--- PROBLEM DESCRIPTION ---
This calls for a word-for-word copy of all the data, with each picture removed.

--- INPUT DATA ---
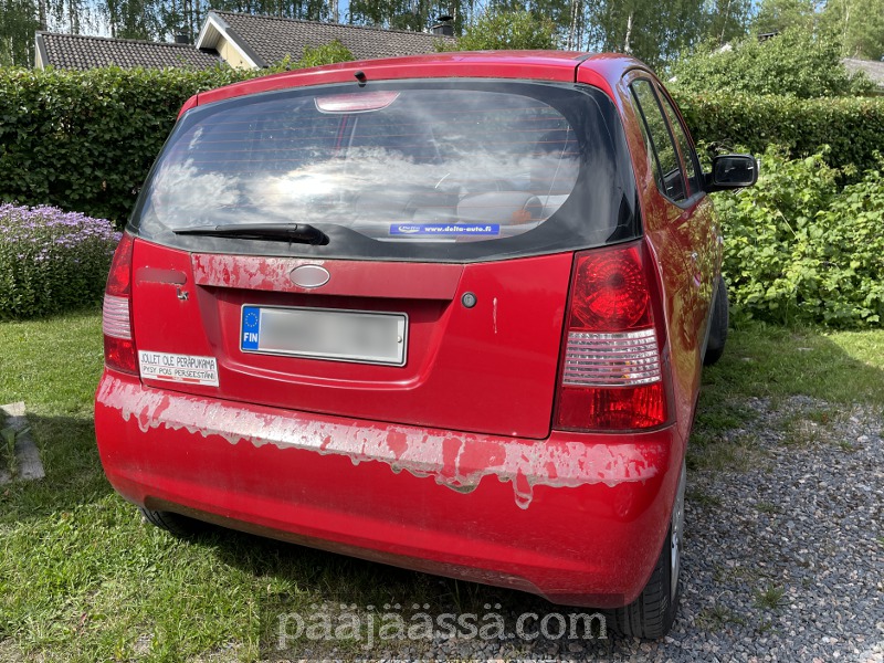 Sain joskus viisaammilta ohjeen hioa tuon kupruilevan lakkaosan pois. Olin käynyt ostamassa Puuilosta valmiiksi hiomahuovan (Hiomahuopa-arkit 150x230mm Ultrafine) ja akryylilakkaa, jolla nuo alueet voisi käsitellä. Huopa oli koko ajan autossa mukana odottelemassa, milloin se pääsisi käyttöön. Nyt hioin auton takaosan pikaisesti, koska pian olisi ukkonen päällä. Sain hiottua pahimmat lämpäreet pois. Kyllä on ihan erinäkönen auto mitä oli ennen pesua. Yksi huoli taas listalta pois.
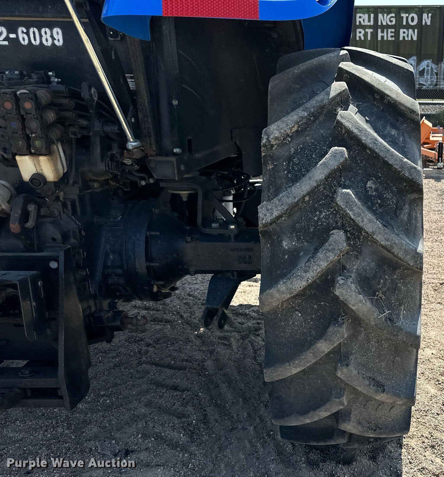 2009 New Holland T6020 tractor. Hours: 4,009 on meter, Serial: Z8BD20296, KDOT ID: 352-6089. Engine Displacement: 4.5L, Cylinders: 4, Fuel type: Diesel, HP: 115. Transmission Dual Command, 24F - 24R, Left-hand reverser, Differential lock. Operators station AC, Heat. Features PTO: 540, Seven pin outlet, Hydraulic remote sets Rear: 3. Tires Front: 11L-16SL, Rear: 18.4R30. Notes Hydraulic leak behind fuel tank. Kansas Department of Transportation - Garden City. Garden City, KS 67846
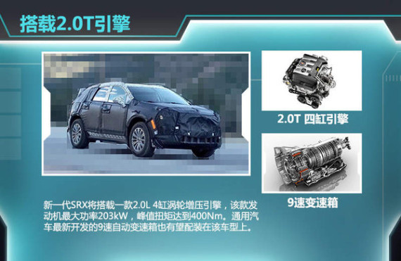 根据此前凯迪拉克公布的新车命名规则,SUV车型将采用XT加数字的命名方式,SRX换代车型推出后将纳入新命名体系,或将定名XT5,有望在2016年正式发布。动力方面,新一代SRX将搭载一款2.0L 4缸涡轮增压引擎,该款发动机最大功率203kW,峰值扭矩达到400Nm。通用汽车最新开发的9速自动变速箱也有望配装在该车型上。此外新车还将有两款功率不同的V6引擎可供选择。
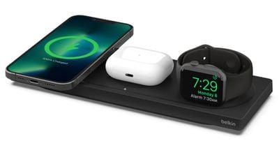 3 合 1 无线充电板专为 Apple 的最新设备设计,为iPhone 12和 13 型号提供MagSafe充电座,最高可以为它们充电 15W(iPhone 12 和 13 mini 为 12W)。它还能够为新的Apple Watch Series 7型号快速充电,并且它是第一款具有快速充电功能的第三方充电器。
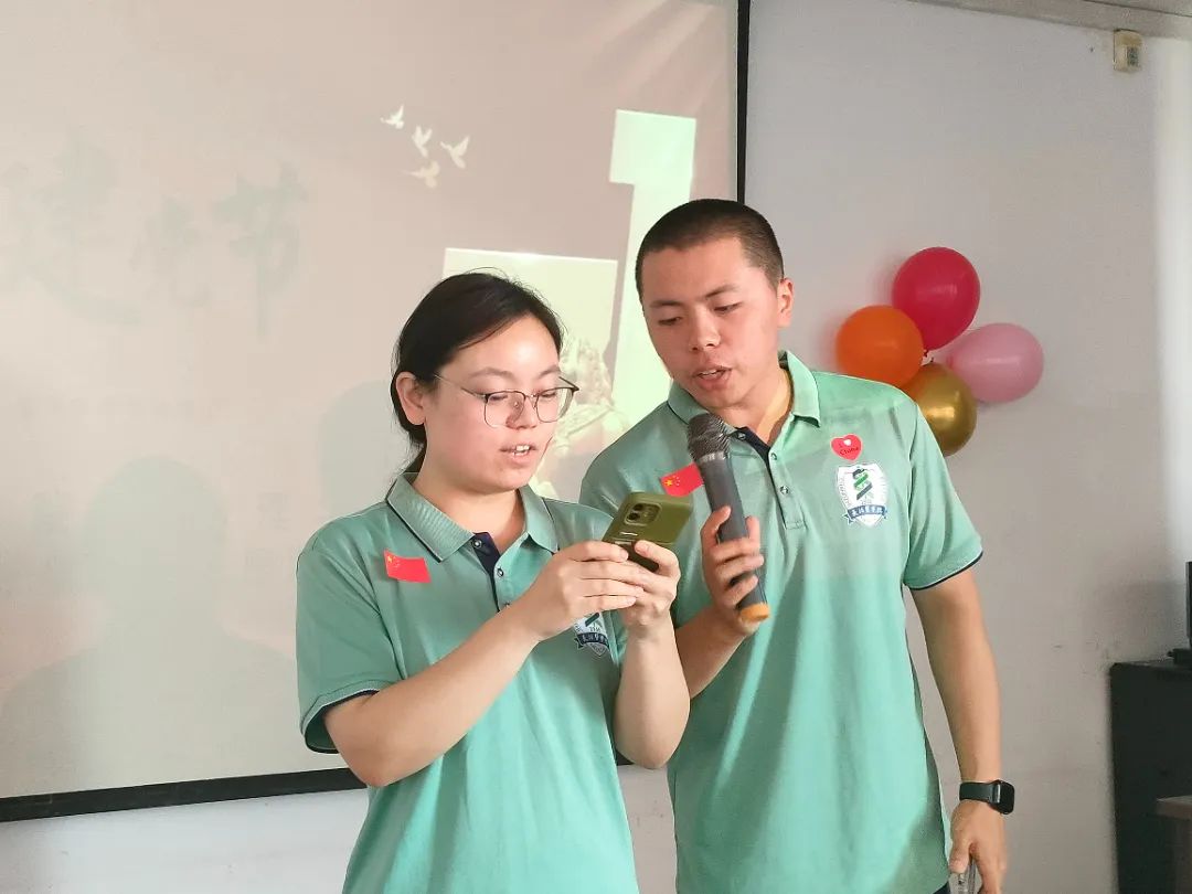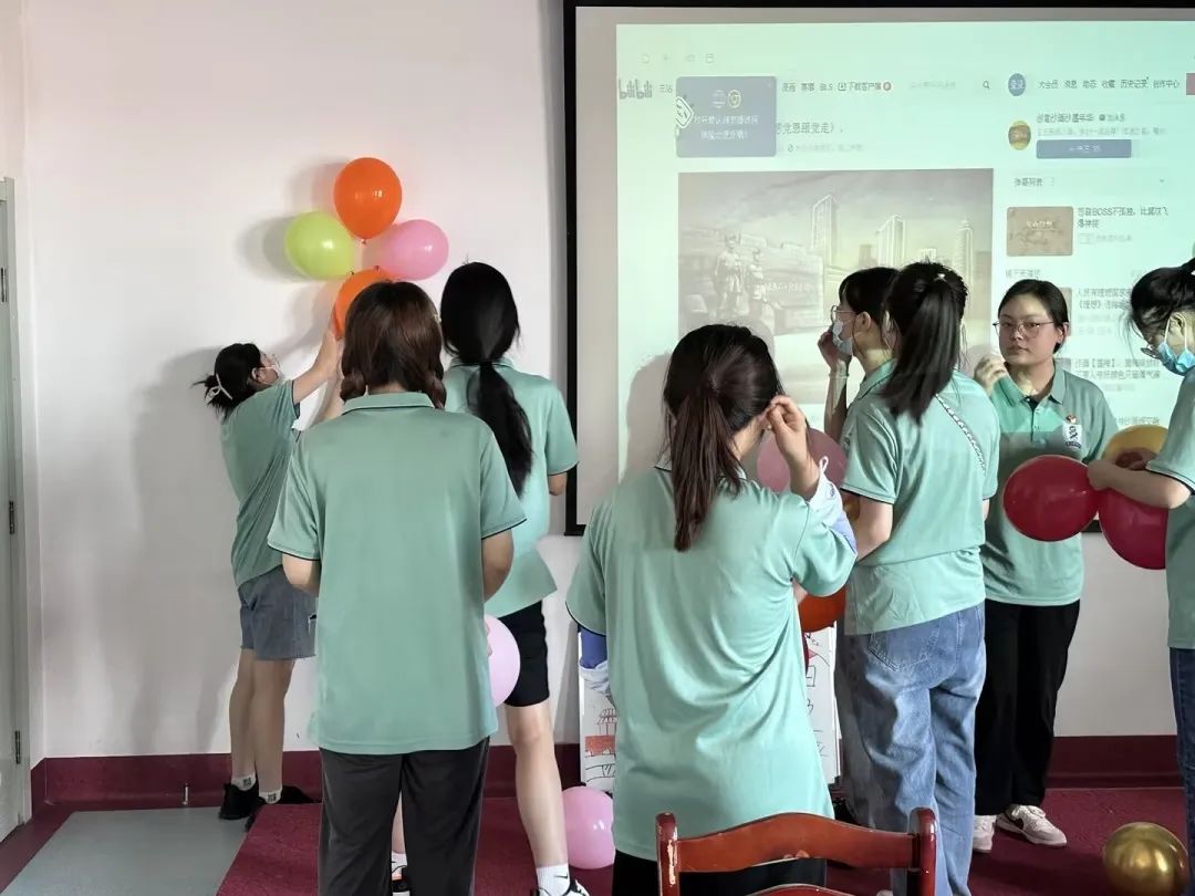 在指导老师的带领下,队员们紧锣密鼓地布置活动场地——粘贴气球、摆放桌椅、画黑板报,为受邀参加活动的爷爷奶奶们发放国旗党旗,并为他们粘贴国旗爱心贴画。
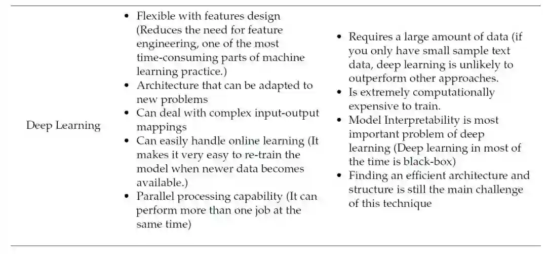 1. 特征提取:一般来说,文本和文档都是非结构化数据集。然而,当使用数学建模作为分类器的一部分时,这些非结构化文本序列必须转换到结构化的特征空间。首先,需要清除数据,以省略不必要的字符和单词。在数据被清除之后,可以使用形式化的特征提取方法。常用的特征提取技术有词频逆文档频率(TF- idf)、词频、Word2Vec和用于单词表示的全局向量(GloVe)。在第2节中,我们将这些方法分为单词嵌入技术和加权单词技术,并讨论了技术实现细节。

--- RESPONSE FOR THIS EXERCISE ---
 Sain joskus viisaammilta ohjeen hioa tuon kupruilevan lakkaosan pois. Olin käynyt ostamassa Puuilosta valmiiksi hiomahuovan (Hiomahuopa-arkit 150x230mm Ultrafine) ja akryylilakkaa, jolla nuo alueet voisi käsitellä. Huopa oli koko ajan autossa mukana odottelemassa, milloin se pääsisi käyttöön. Nyt hioin auton takaosan pikaisesti, koska pian olisi ukkonen päällä. Sain hiottua pahimmat lämpäreet pois. Kyllä on ihan erinäkönen auto mitä oli ennen pesua. Yksi huoli taas listalta pois.
 2009 New Holland T6020 tractor. Hours: 4,009 on meter, Serial: Z8BD20296, KDOT ID: 352-6089. Engine Displacement: 4.5L, Cylinders: 4, Fuel type: Diesel, HP: 115. Transmission Dual Command, 24F - 24R, Left-hand reverser, Differential lock. Operators station AC, Heat. Features PTO: 540, Seven pin outlet, Hydraulic remote sets Rear: 3. Tires Front: 11L-16SL, Rear: 18.4R30. Notes Hydraulic leak behind fuel tank. Kansas Department of Transportation - Garden City. Garden City, KS 67846
 根据此前凯迪拉克公布的新车命名规则,SUV车型将采用XT加数字的命名方式,SRX换代车型推出后将纳入新命名体系,或将定名XT5,有望在2016年正式发布。动力方面,新一代SRX将搭载一款2.0L 4缸涡轮增压引擎,该款发动机最大功率203kW,峰值扭矩达到400Nm。通用汽车最新开发的9速自动变速箱也有望配装在该车型上。此外新车还将有两款功率不同的V6引擎可供选择。
 3 合 1 无线充电板专为 Apple 的最新设备设计,为iPhone 12和 13 型号提供MagSafe充电座,最高可以为它们充电 15W(iPhone 12 和 13 mini 为 12W)。它还能够为新的Apple Watch Series 7型号快速充电,并且它是第一款具有快速充电功能的第三方充电器。
 在指导老师的带领下,队员们紧锣密鼓地布置活动场地——粘贴气球、摆放桌椅、画黑板报,为受邀参加活动的爷爷奶奶们发放国旗党旗,并为他们粘贴国旗爱心贴画。
 1. 特征提取:一般来说,文本和文档都是非结构化数据集。然而,当使用数学建模作为分类器的一部分时,这些非结构化文本序列必须转换到结构化的特征空间。首先,需要清除数据,以省略不必要的字符和单词。在数据被清除之后,可以使用形式化的特征提取方法。常用的特征提取技术有词频逆文档频率(TF- idf)、词频、Word2Vec和用于单词表示的全局向量(GloVe)。在第2节中,我们将这些方法分为单词嵌入技术和加权单词技术,并讨论了技术实现细节。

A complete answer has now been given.